Chávez E, Peña A, Zazueta C, Ramírez J, García N, Carrillo R
Departamento de Bioquímica Instituto Nacional de Cardiología, Ignacio Chávez, UNAM, Mexico, DF, Mexico.
J Bioenerg Biomembr. 2000 Apr;32(2):193-8. doi: 10.1023/a:1005516115189.

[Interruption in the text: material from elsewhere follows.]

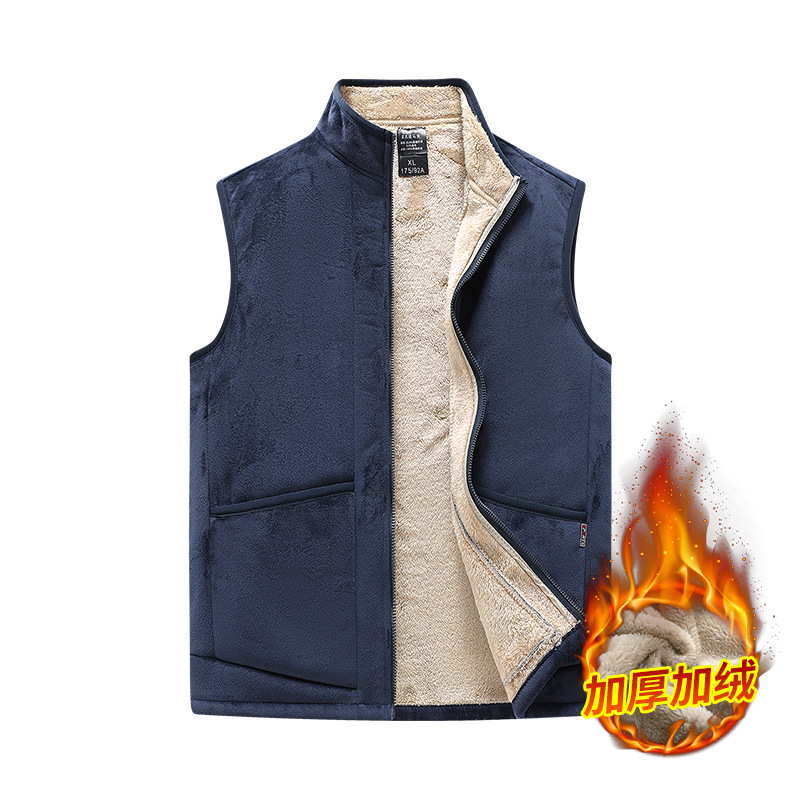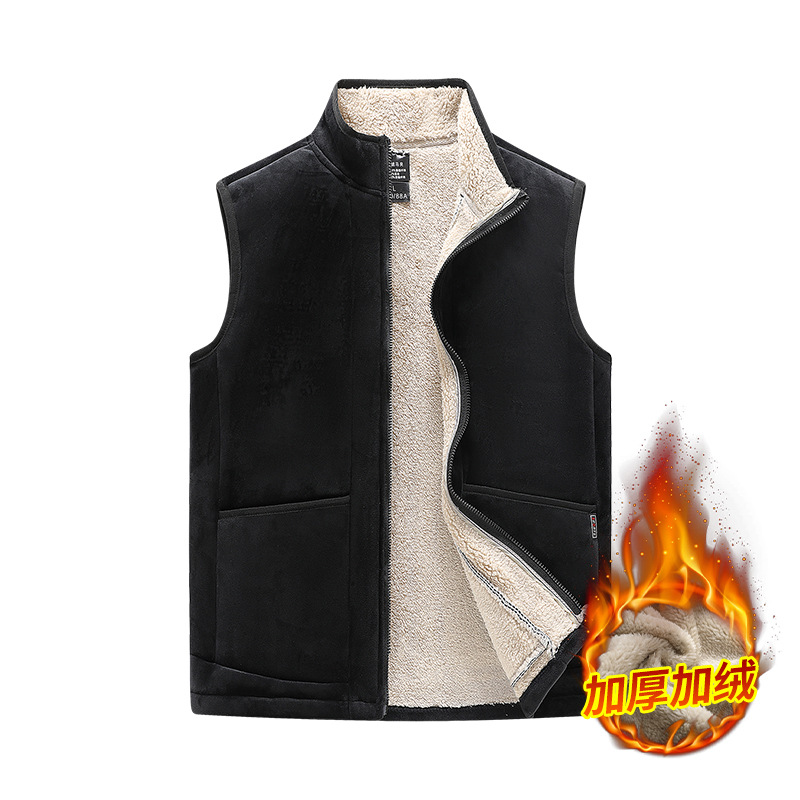 가을 겨울 양털 조끼 남성용 보온 조끼 캐주얼 스탠드 칼라 플러스 벨벳 민소매 양면 플리스 크로스보더 조끼 재킷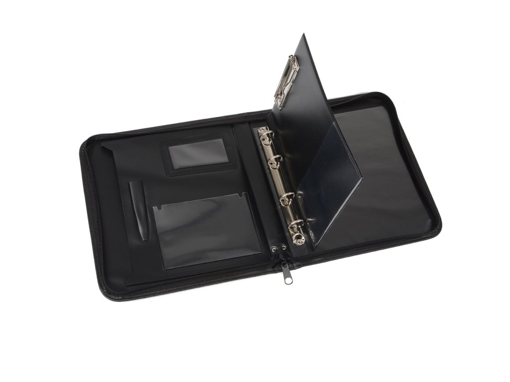 Uzavíratelná na zip, uvnitř kapsy na dokumenty a vizitky, úchytka na psací potřeby, jednodeska, 4kroužková mechanika D20Doplňkové parametry

Mitochondrial permeability transition occurs through a Ca2+-dependent opening of a transmembrane pore, whose identity has been attributed to that of the adenine nucleotide translocase (ANT). In this work, we induced permeability transition by adding 0.5 microM carboxyatractyloside. The process was evaluated analyzing Ca2+ efflux, a drop in transmembrane electric gradient, and swelling. We found that the amphiphyllic cations octylguanidine and octylamine, at the concentration of 100 microM, inhibited, almost completely, nonspecific membrane permeability. Hexylguanidine, hexylamine, as well as guanidine chloride and hydroxylamine failed to do so. The inhibition was reversed after the addition of 40 mM Li+, Na+ K+, Rb+, or Cs+; K+ was the most effective. We propose that the positive charge of the amines interact with negative charges of membrane proteins, more likely the ADP/ATP carrier, while the alkyl chain penetrates into the hydrophobic milieu of the inner membrane, fixing the reagent.
线粒体通透性转换通过跨膜孔的钙离子依赖性开放而发生,该跨膜孔的身份被认为是腺嘌呤核苷酸转位酶(ANT)。在这项工作中,我们通过添加0.5微摩尔的羧基苍术苷来诱导通透性转换。通过分析钙离子外流、跨膜电梯度下降和肿胀来评估该过程。我们发现,浓度为100微摩尔的两亲性阳离子辛基胍和辛基胺几乎完全抑制了非特异性膜通透性。己基胍、己基胺以及氯化胍和羟胺则没有这种作用。在添加40毫摩尔的锂离子、钠离子、钾离子、铷离子或铯离子后,抑制作用被逆转;钾离子最为有效。我们提出,胺类的正电荷与膜蛋白的负电荷相互作用,很可能是与ADP/ATP载体相互作用,而烷基链则穿透内膜的疏水环境,固定该试剂。